Of filibusters and Black Rod

Americans often look at the British state with a mixture of bewilderment and condescension. After all, they rejected the British constitutional monarchy for something better, and America, as we all know, is the greatest country on Earth. “Ah, the Queen”, they say. “How quaint!” The fascination with the Royal Family over here (will the Diana specials ever end?) doesn’t help. For this reason, Tony Blair has been a boon for expatriate Britons in the US. He is almost universally loved and it gives us an opportunity to show that our government is more than just a Queen with a beautiful crown sitting on a throne. But those Americans who listen to you explain the mechanics of the British state are often left baffled, and who wouldn’t be?

Where am I from: is it England or Britain, and what the devil is the United Kingdom (no, it’s not in the Middle East as some Americans allegedly thought). Should I bring up the full name of my country–The United Kingdom of Great Britain and Northern Ireland (TUKOGBANI for short). Perhaps not, because then I’ll have to explain Ulster (= Northern Ireland). So I’ll stick with England, where Harry Potter’s from.

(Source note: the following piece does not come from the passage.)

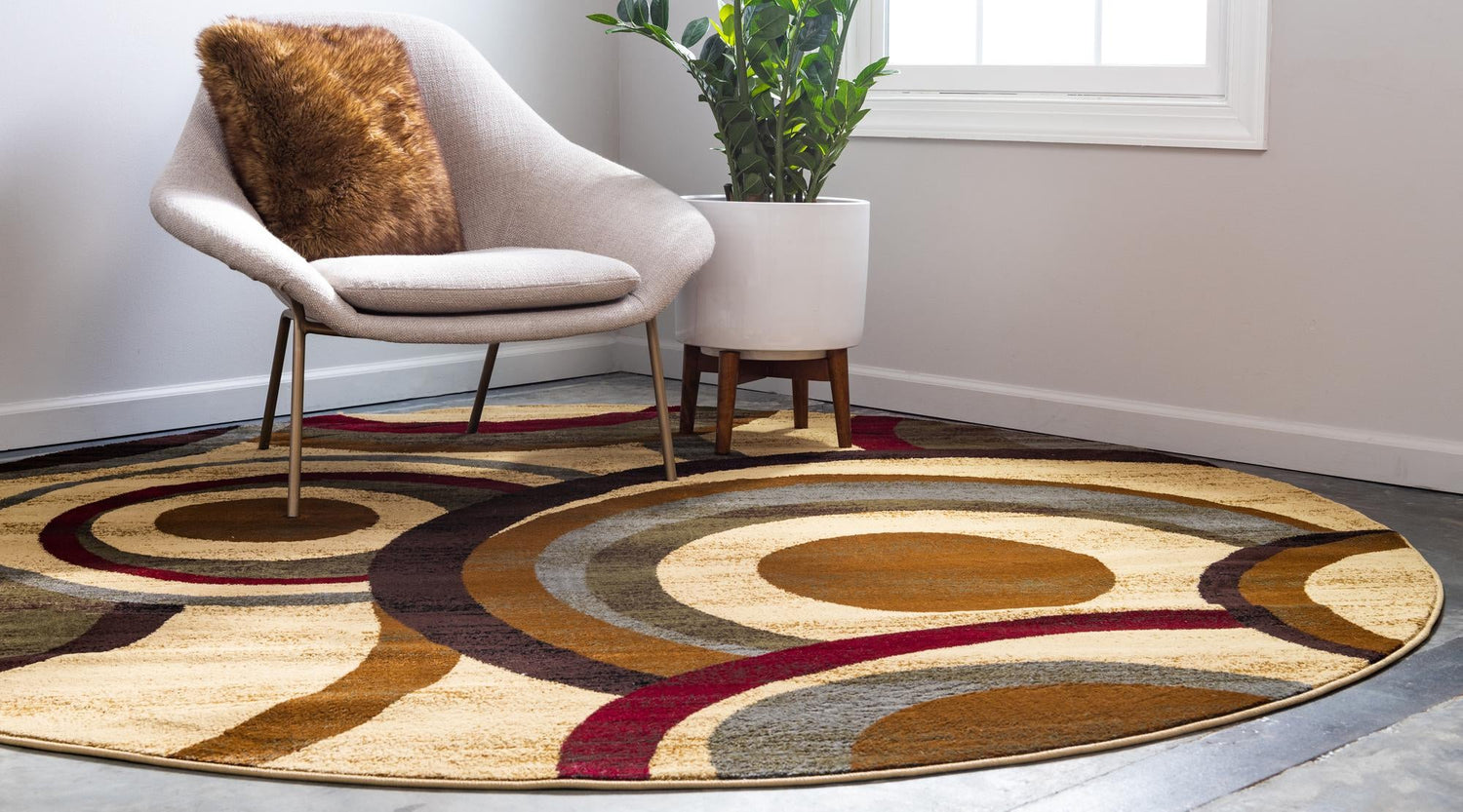 Beige 7' 10 x 7' 10 Barista Round Area Rug 100% Polypropylene Abstract Modern Geometric Carpet for Living Room Dining Office Dorm Room Decor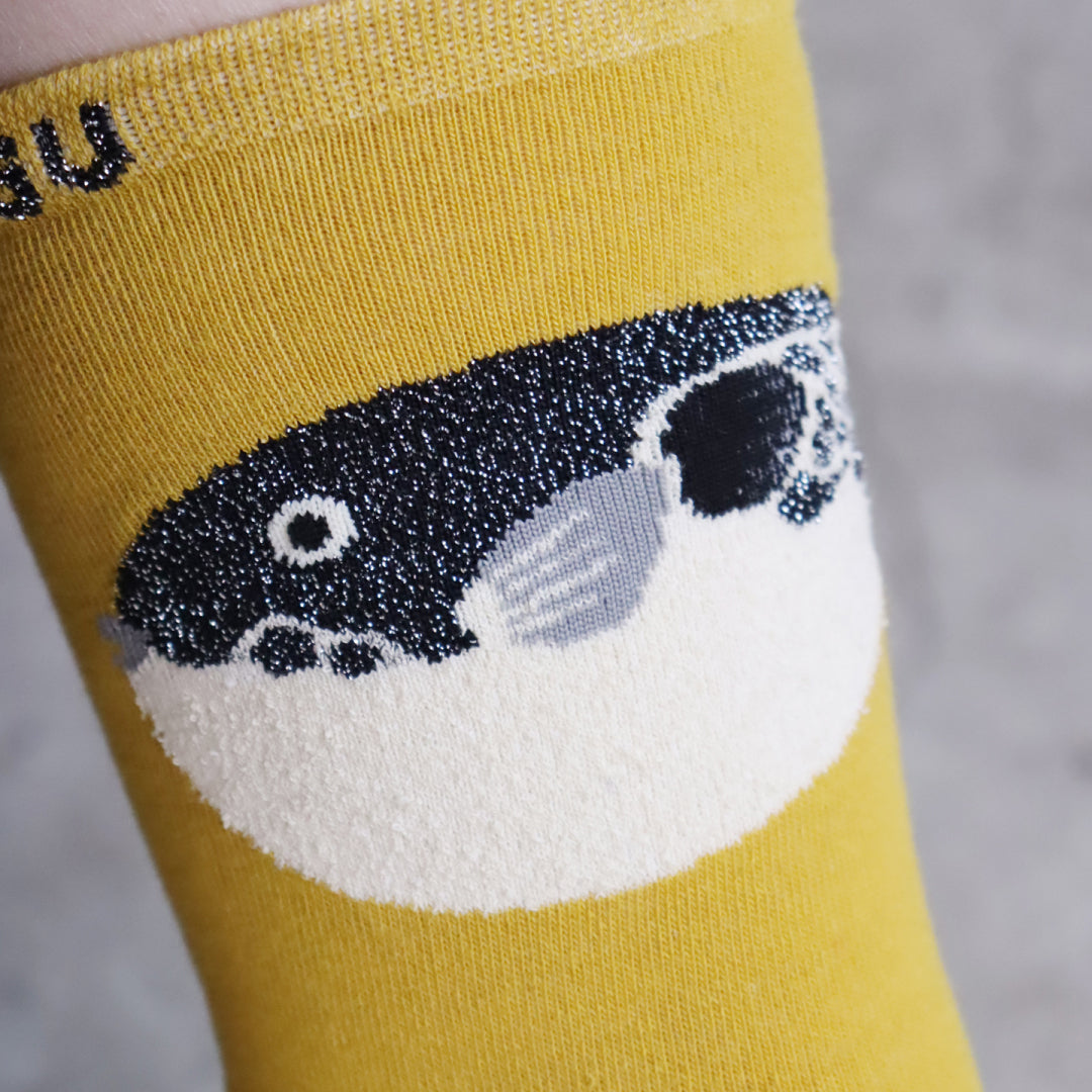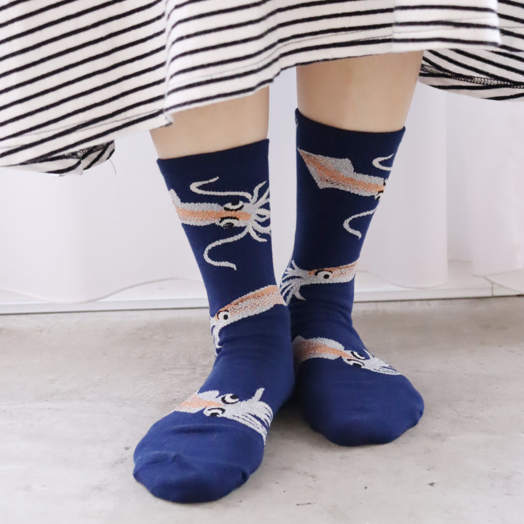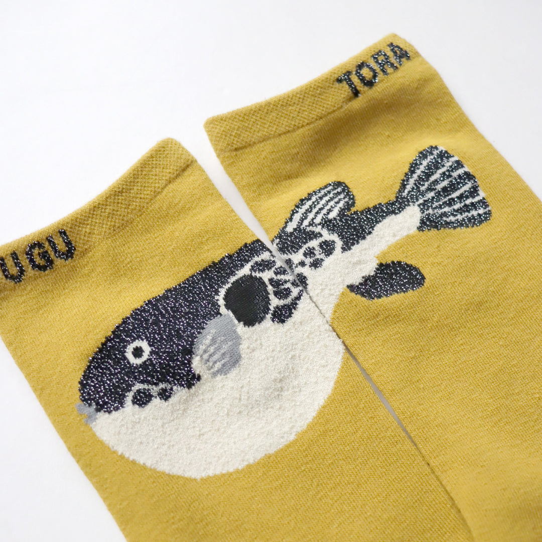 - ■トラフグと剣先イカをモチーフにした、遊び心あふれるソックス

Who leads my country: sure, it’s Her Majesty Queen Elizabeth II, but how do you explain that she doesn’t really do anything? So, I say it’s the Queen officially, but the Prime Minister in practice. The PM, by the way, can call an election any time he likes, which makes him sound a lot like a dictator, except he’s not (honest!). But it is true that the PM is not directly chosen by the people, and John Major’s first term in office came about not because there was a General Election but because his party (like the Communist Party) chose him when they sacked (not impeached) Margaret Thatcher.

Who makes laws: well, we don’t have a Constitution, so forget that. The concept of the House of Commons sounds great (and makes a wonderful spectacle on C-Span), but mention the House of Lords and Americans shudder. “Unelected? Full of Anglical bishops? What’s wrong with you people?” Ah, but there’s the Parliament Act which allows the Commons to ignore the Lords anyway, so that’s OK.

All in all, the UK/Great Britain/England is one fine mess of a country. But even as I admit this, I am heartened that we are not the only place full of weird anachronisms. Apparently, the Republicans want to get rid of or at least curtail that wonderfully American of weirdnesses–the filibuster [1]. First of all, what a great word (the term comes from the early 19th century Spanish and Portuguese pirates, “filibusteros”, who held ships hostage for ransom). Basically, Senate rules contain no motion to force a vote, with votes only occurring when a debate ends. So if a minority party doesn’t want the vote to happen then they make sure that the debate never ends, by, for example, reading from the phone book or some such. This, ladies and gentlemen, is the filibuster. A great word, a wonderful idea, and eccentric as hell.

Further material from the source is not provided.